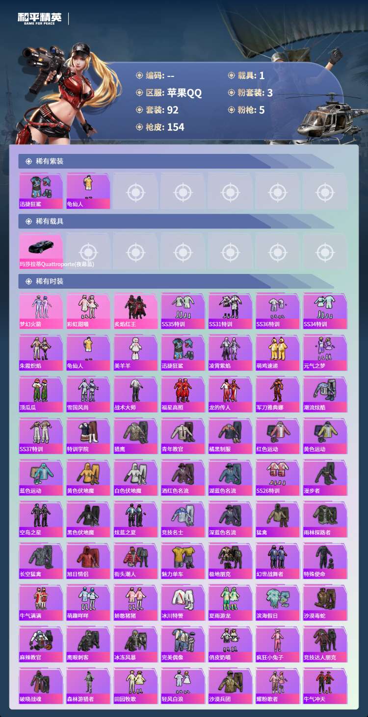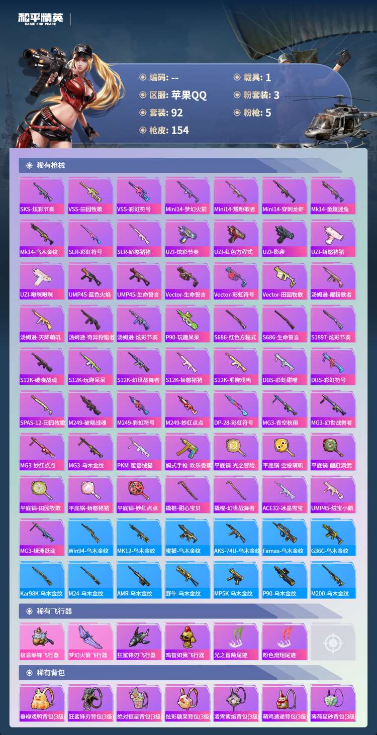 hs61894苹果手Q-4王牌印记-3粉装-5特效枪-1载具-43305热力值-92套装-154枪皮
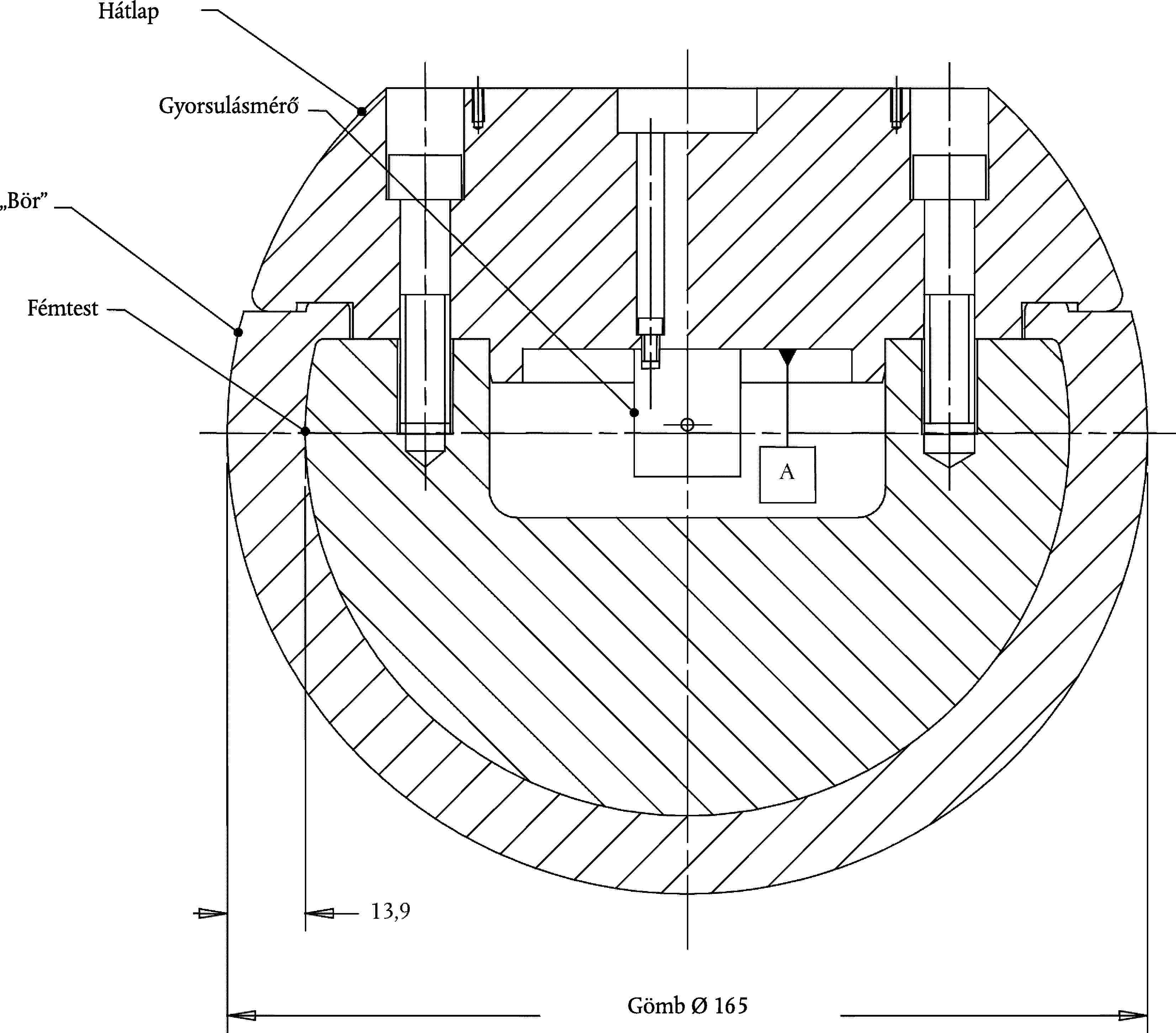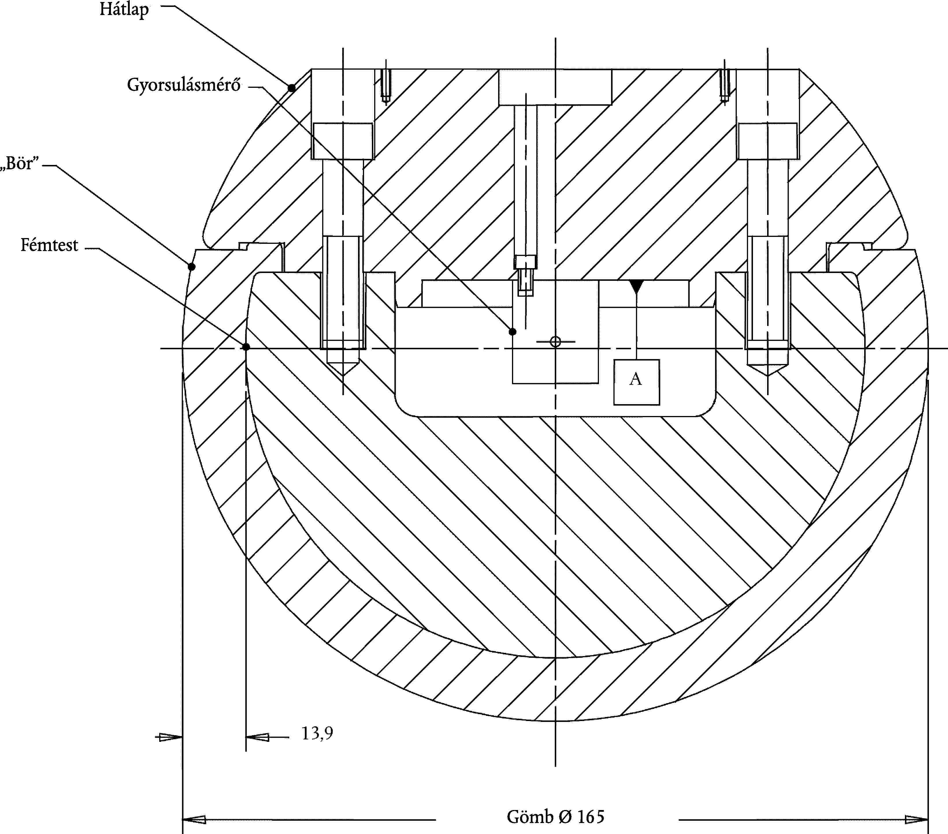 4.1.4. A gömbben egy bemélyítés teszi lehetővé egy háromtengelyű vagy három egytengelyű gyorsulásmérő felszerelését. A gyorsulásmérőket a 4.1.4.1., illetve 4.1.4.2. pontnak megfelelően kell elhelyezni.
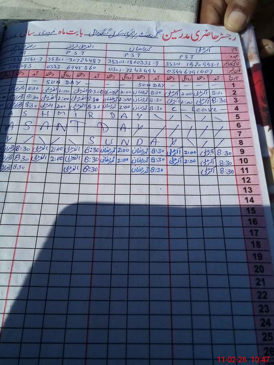 | CNIC | Full Name | Designation | R/C | Absence During Last Calender Month |
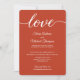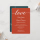 Trendig, elegant, varm jordton brölloppsfärgpalett i bränt orange, grön vigselceremoni bröllopsmottagning inbjudan. Denna design har ett modernt "Love" kalligrafiskrift. Anpassa denna vigselceremoni bröllopsmottagning inbjudan med brudens och brudgummens namn och all information om vigselceremonin och bröllopsfesten. Inkludera även en bröllopswebbplats för RSVP. Denna snygga och eleganta layoutdesign är enkel att anpassa. För ett höstbröllop.
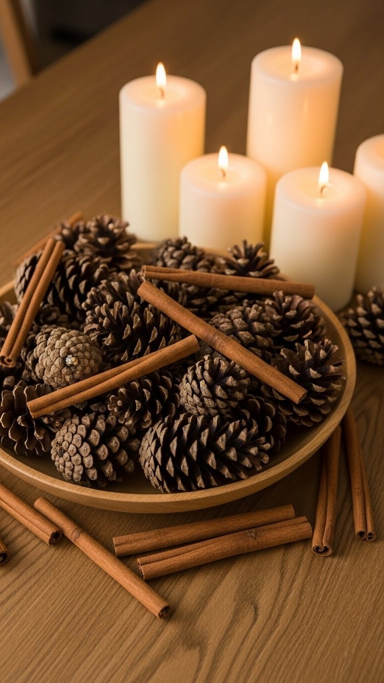You’ll arrange varied cones in a shallow wooden bowl, tuck cinnamon sprigs between them, and add a few unscented candles.
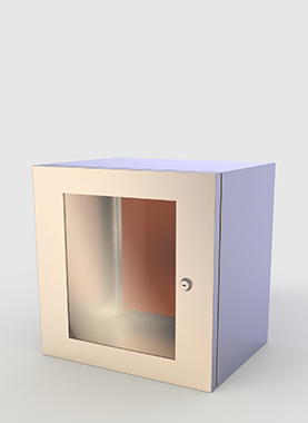 null A Caixa para Painel Elétrico Palmetal | Modelo V043 é um produto que foi desenvolvido e testado ao longo de vários anos. Possui grau de proteção IP-66 contra poeira e jatos fortes de água. Por padrão, ela vem com fecho simples, mas pode, sob encomenda, ser fabricada com fecho de segredo. O modelo possui opção de visor em policarbonato para maior facilidade de manutenção.
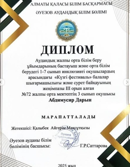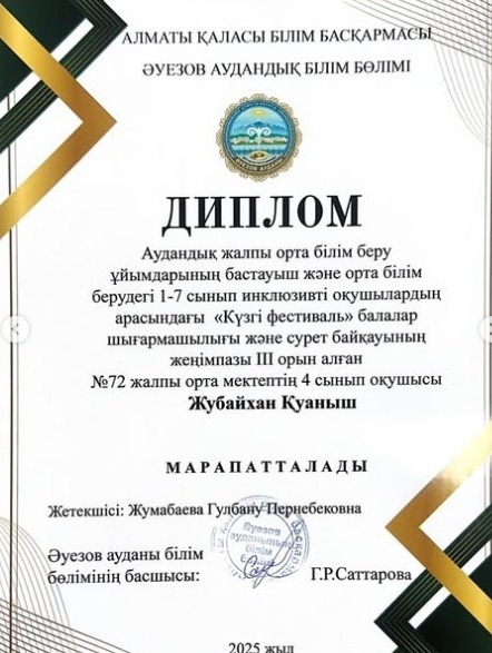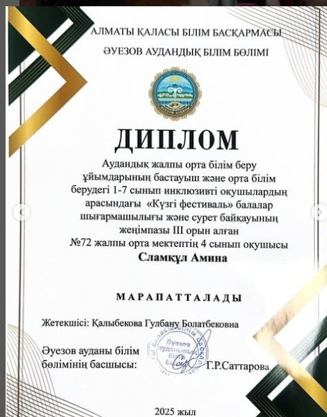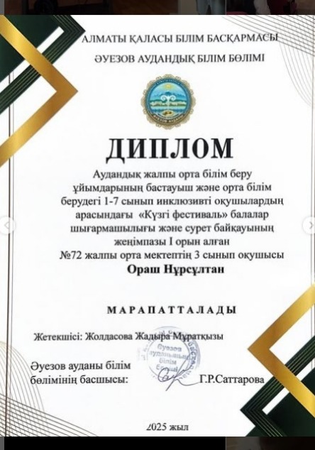 Аудандық жалпы орта білім беру ұйымдарының бастауыш және орта білім берудегі 1–7 сынып инклюзивті оқушыларының арасындағы «Күзгі фестиваль» балалар шығармашылығы және сурет байқауының жеңімпазы атанған мектебіміздің оқушыларын шын жүректен құттықтаймыз.
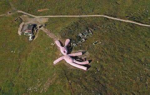 这只意大利的兔子玩偶吸引了很多的顾客前来观赏,因为这具兔子玩偶的身体实在是太大了,无法放在屋内,因此它只能躺在意大利北部的一个山上,游客来游玩的时候,总是喜欢躺在它的身上或者抱着它,据说这只兔子是花费了5年的时间创造的,它的身体里面是稻草,外表是柔软防水的材料,这个兔子玩偶的设计师预计兔子能存活到2025年,它是从05年放置在山上的,现在的它不仅全身的颜色都变了,而且它的肢体也是分崩离析。
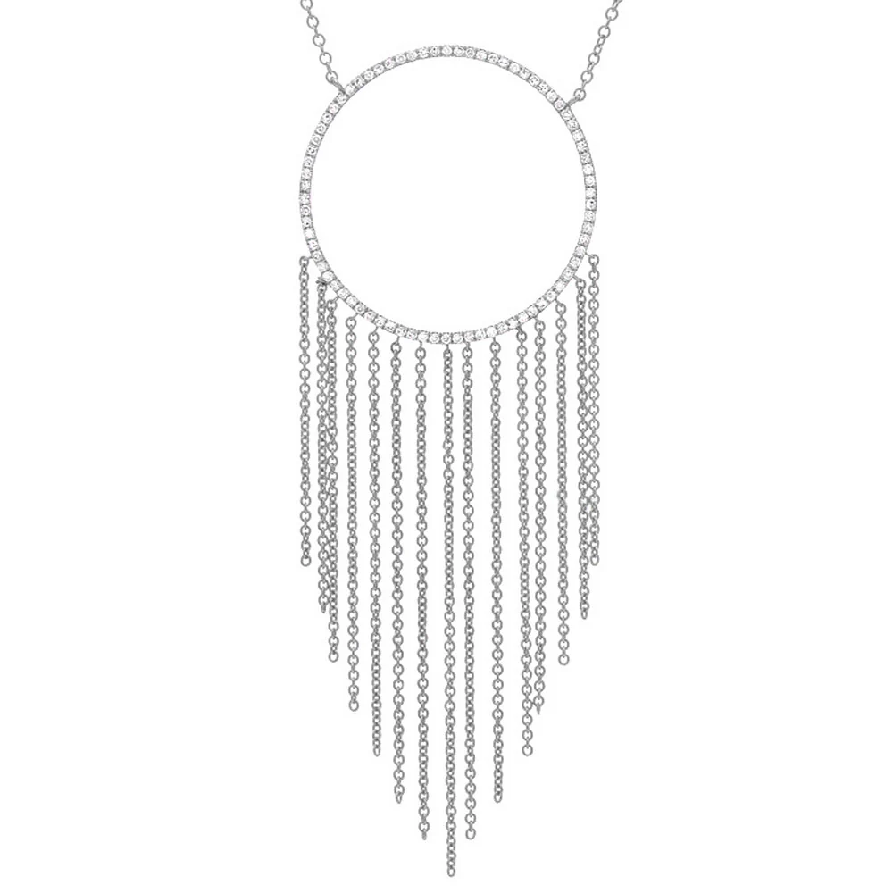 This solid 14k gold necklace features a striking open circle with natural diamonds and elegant chain fringe, set on a 22-24-26" adjustable chain.
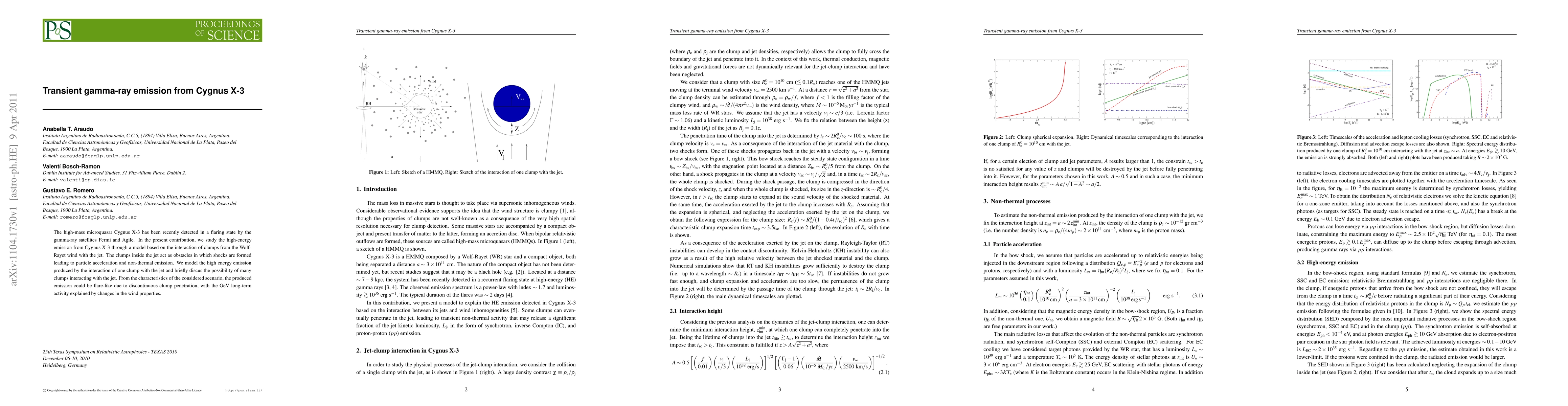 The paper investigates the transient gamma-ray emission from Cygnus X-3, attributing it to the interaction of clumps from the Wolf-Rayet wind with the jet, leading to shock formation, particle acceleration, and non-thermal emission. The model suggests that flare-like GeV emissions result from the discontinuous penetration of clumps, with long-term activity linked to wind property changes.
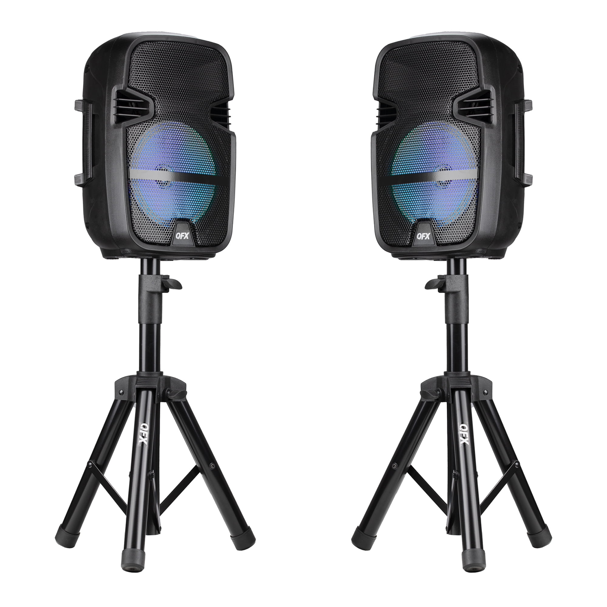 QFX PBX-808TWS Dual 8-Inch Portable Bluetooth PA Speaker System with Stands, Wired Mics, Remotes, USB/FM/TWS/LED
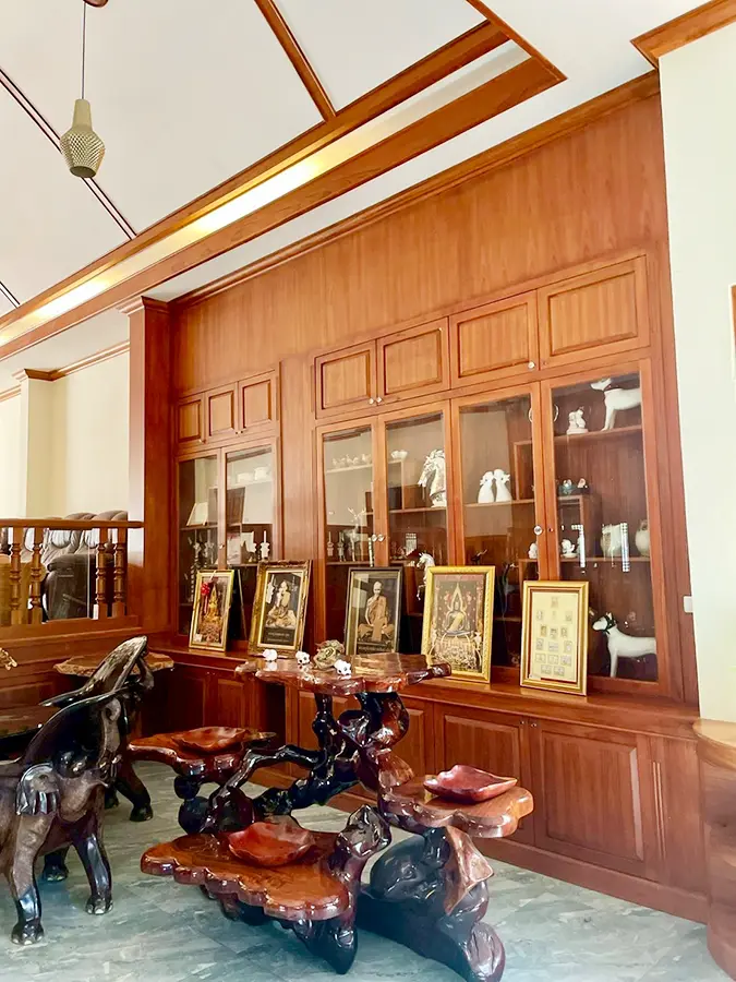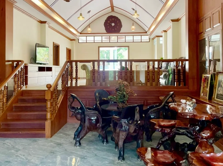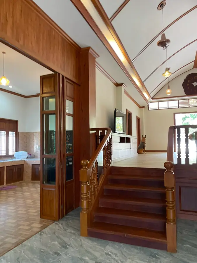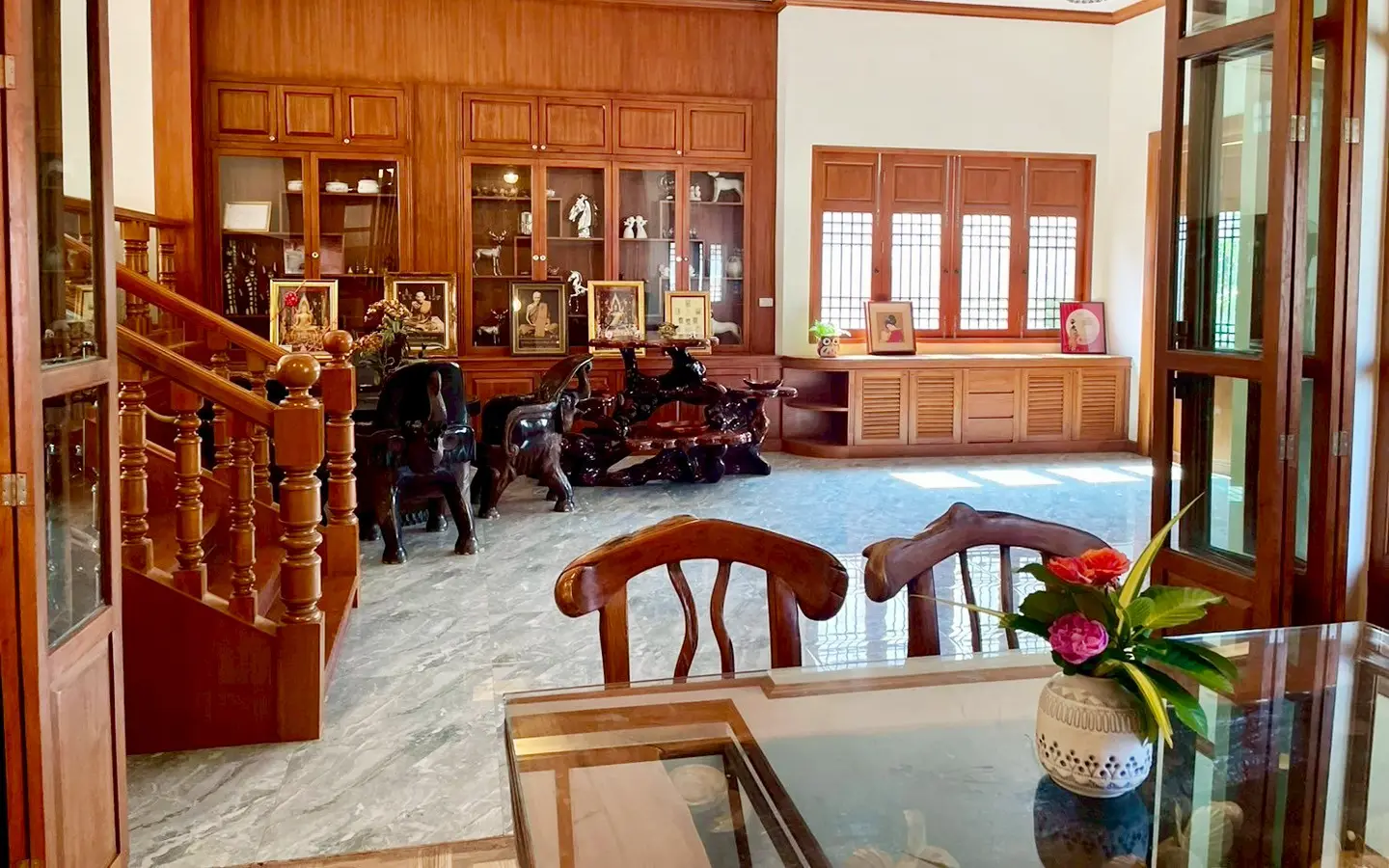 A long driveway leads to a well-built single-storey house located at the rear of the property. The house is beautifully decorated with extensive built-in teakwood furniture, doors, and ceilings.
══════
> INSTRUCTIONS TO FOLLOW
Here the lines from the one containing "QFX PBX-808TWS Dual" through the end of the material are to be copied exactly, with the pictures omitted.

> OUTPUT
 QFX PBX-808TWS Dual 8-Inch Portable Bluetooth PA Speaker System with Stands, Wired Mics, Remotes, USB/FM/TWS/LED
 A long driveway leads to a well-built single-storey house located at the rear of the property. The house is beautifully decorated with extensive built-in teakwood furniture, doors, and ceilings.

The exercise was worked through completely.